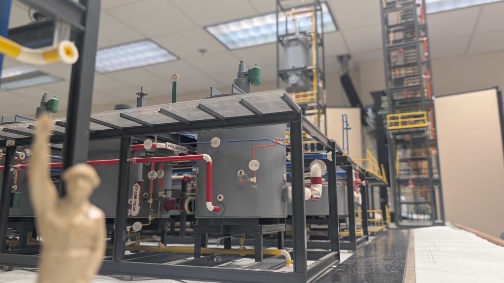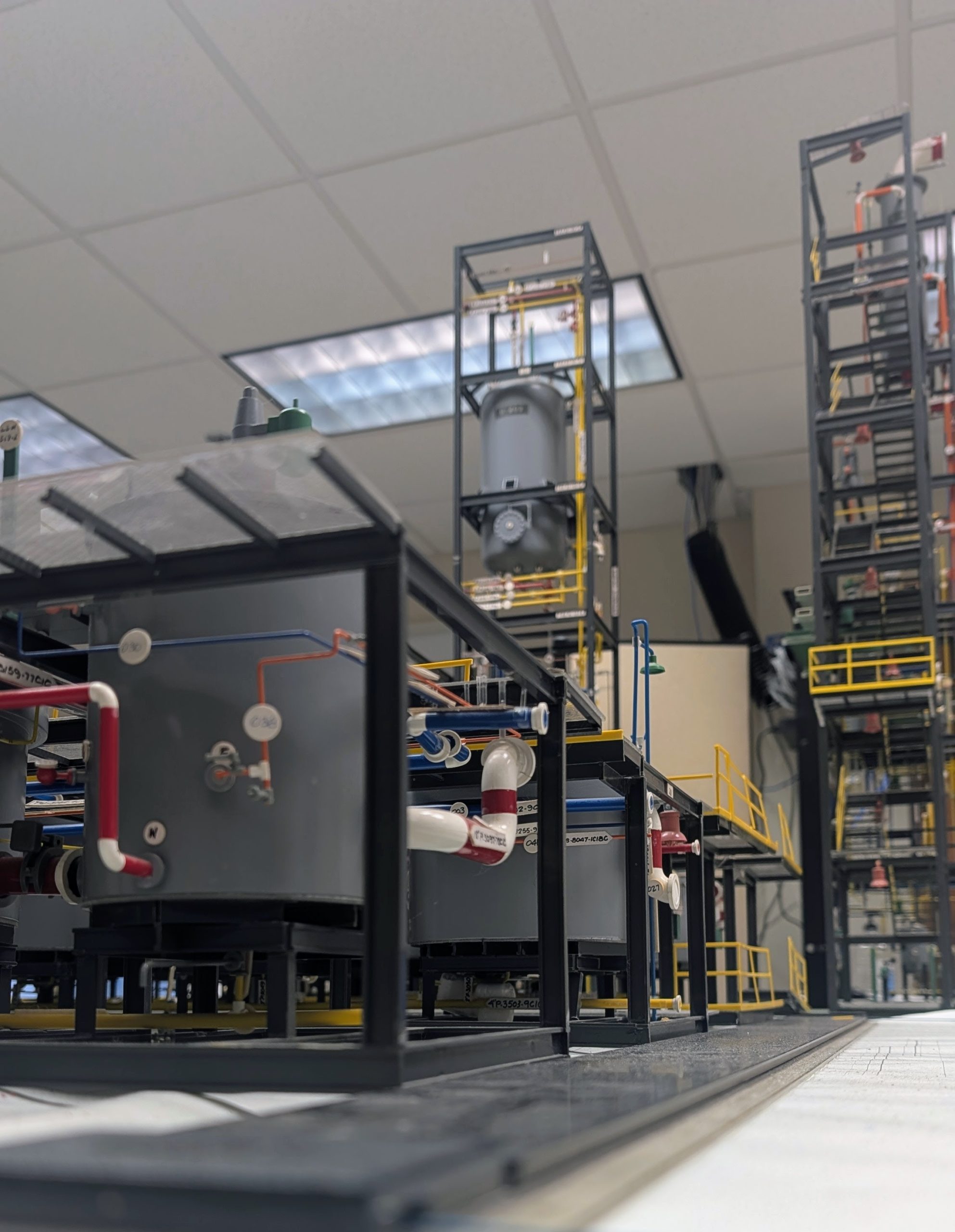 The process plant, an industrial distillation unit, provides ITI students an opportunity to train with working pneumatic, electronic, and electrical systems similar to what they will encounter in the workplace. A working instrument shop supervised by highly experienced instrumentation instructors simulates on-the-job training for students.
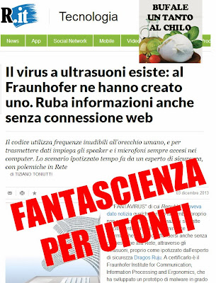 Per il giornalista della Repubblica l’argomento è importante, poco più di un mese fa aveva dato la stessa notizia partendo dalle informazioni di Dragos Ruiu famoso hacker che ha sollevato un polverone #badBIOS dalla fine di Ottobre, Dragos sosteneva di aver scoperto un “Virus” che aveva infettato le sue macchine senza che fosse stato fatto nulla…il virus secondo Dragos è partito via audio da una chiavetta USB che ha infettato un computer che è arrivato nelle vicinanze dei suoi e da li si è propagato, senza accesso alla rete, senza scambio di dati…via etere…o meglio via ultrasuoni.
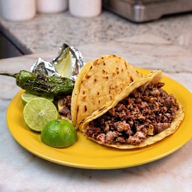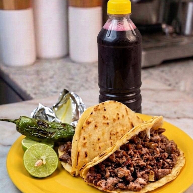 🌮 1 Taco de Asada Sirloin (bien servido) + 1 Quesadilla doradita + Agua de Jamaica natural. Incluye: Guacamole, pepinos, limones, cebollita y salsas.
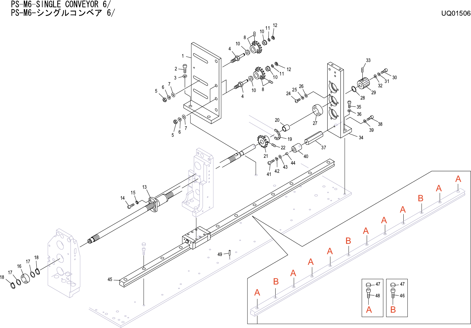 PS-M6-SINGLE CONVEYOR 6/ PS-M6- シングルコンベア 6/ UQ01506 No. Drg.No. & Code No. QTY Description Rating Materials Remark 番号 図番 & コード番号 個数 品名 規格 材質 備考 1 PM09922 1 BKT BKT FE 2 H5322A 2 BOLT, HEX SOCKET ボルト 六角穴 M06X015 …
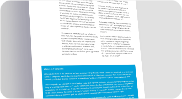The percentage of women in IT varies significantly Although some of the numbers on gender diversity in by specialization and that variation also varies by IT may appear disappointing, there are also hopeful country. As an example, in the US over 35 percent of signs. At one leading US technology school, computer 39 web developers are female, while only 12 percent of science is now the most popular degree for women . computer network architects are women. Canada has a similar pattern, with web developers at the very high Furthermore, education may not be the gating factor end of the diversity range and computer and network that some think it is. While less than a fifth of US operators and web technicians at the lower end. On computer science graduates were women in 2013, as the other hand, the UK data shows that the percentage of 2014 the proportion of women in tech roles in US of web design and development professionals who companies was 24 percent in 2014, and 27 percent of 40 are female is only slightly higher than the UK average IT managerial roles were held by women . for all IT jobs, likely one of the factors (along with the low number of women in senior IT positions) that And speaking of leadership, there have never been more 41 contributes to the UK’s poor performance on gender senior women in tech , particularly high-profile female 42 diversity in IT roles compared to all the other countries C-suite executives : this is providing leadership, role 35 models and mentors for women and girls considering a mentioned . career in IT. It is important to note that diversity and inclusion are about much more than gender. As an example, ethnicity Another positive is that the IT job categories with the appears to be a significant factor in reaching senior lowest female representation are shrinking over time, levels in leading Silicon Valley tech companies: all of and the more balanced categories are growing43, Hispanics, Asians and blacks are at a disadvantage suggesting that we may be nearing a tipping point to white men or white women at executive levels, in diversity. Further, tech companies are leading the 36 broader IT industry: the US tech companies that released according to a 2015 US study . And of course, industries other than IT suffer from gender gaps for both their gender diversity numbers in 2013 had an average participation and pay. of 30.3 percent female employees, and that number 44 rose in 2014 by 0.15 percent . Women in IT companies Although the focus of this prediction has been on women in IT professions, there is a distinct but related topic of gender diversity within IT companies, specifically at the large American (usually Silicon Valley-based) companies. There are tech companies that 37 currently publish their diversity numbers on an annual basis and they average about 32 percent female employees in 2014. These companies are a key part of the technology sector, likely represent the broader tech company employment picture, and are likely to be an important source of IT jobs for women going forward. But these companies have many workers in many different occupations, not all of which are IT jobs. One sample of six US tech companies showed that although their total workforce was 38 30-39 percent women, the number of women in ‘tech jobs’ was only 10-20 percent . Increasing the gender diversity at these companies is likely an important goal, but only tangentially connected to the larger picture of women in IT jobs. Because of the considerable public spotlight on these companies as bellwethers for women in technology, it seems a reasonable prediction that the gender diversity numbers at high-profile publicly traded companies are likely to rise at a faster rate than for women in IT functions or jobs. Therefore it will be important to recognize that even if some Silicon Valley companies have 50 percent female employees that may not mean that the diversity of women in IT jobs across the US or developed countries in general has improved to the same extent. 6
# # #
## Required work
Among the lines above, the one with "Per il giornalista" opens the part to repeat and the one with "PS-M6-SINGLE CONVEYOR 6/" closes it; repeat only that part exactly, with no pictures.

## Solution to this task
 Per il giornalista della Repubblica l’argomento è importante, poco più di un mese fa aveva dato la stessa notizia partendo dalle informazioni di Dragos Ruiu famoso hacker che ha sollevato un polverone #badBIOS dalla fine di Ottobre, Dragos sosteneva di aver scoperto un “Virus” che aveva infettato le sue macchine senza che fosse stato fatto nulla…il virus secondo Dragos è partito via audio da una chiavetta USB che ha infettato un computer che è arrivato nelle vicinanze dei suoi e da li si è propagato, senza accesso alla rete, senza scambio di dati…via etere…o meglio via ultrasuoni.
 🌮 1 Taco de Asada Sirloin (bien servido) + 1 Quesadilla doradita + Agua de Jamaica natural. Incluye: Guacamole, pepinos, limones, cebollita y salsas.
 PS-M6-SINGLE CONVEYOR 6/ PS-M6- シングルコンベア 6/ UQ01506 No. Drg.No. & Code No. QTY Description Rating Materials Remark 番号 図番 & コード番号 個数 品名 規格 材質 備考 1 PM09922 1 BKT BKT FE 2 H5322A 2 BOLT, HEX SOCKET ボルト 六角穴 M06X015 …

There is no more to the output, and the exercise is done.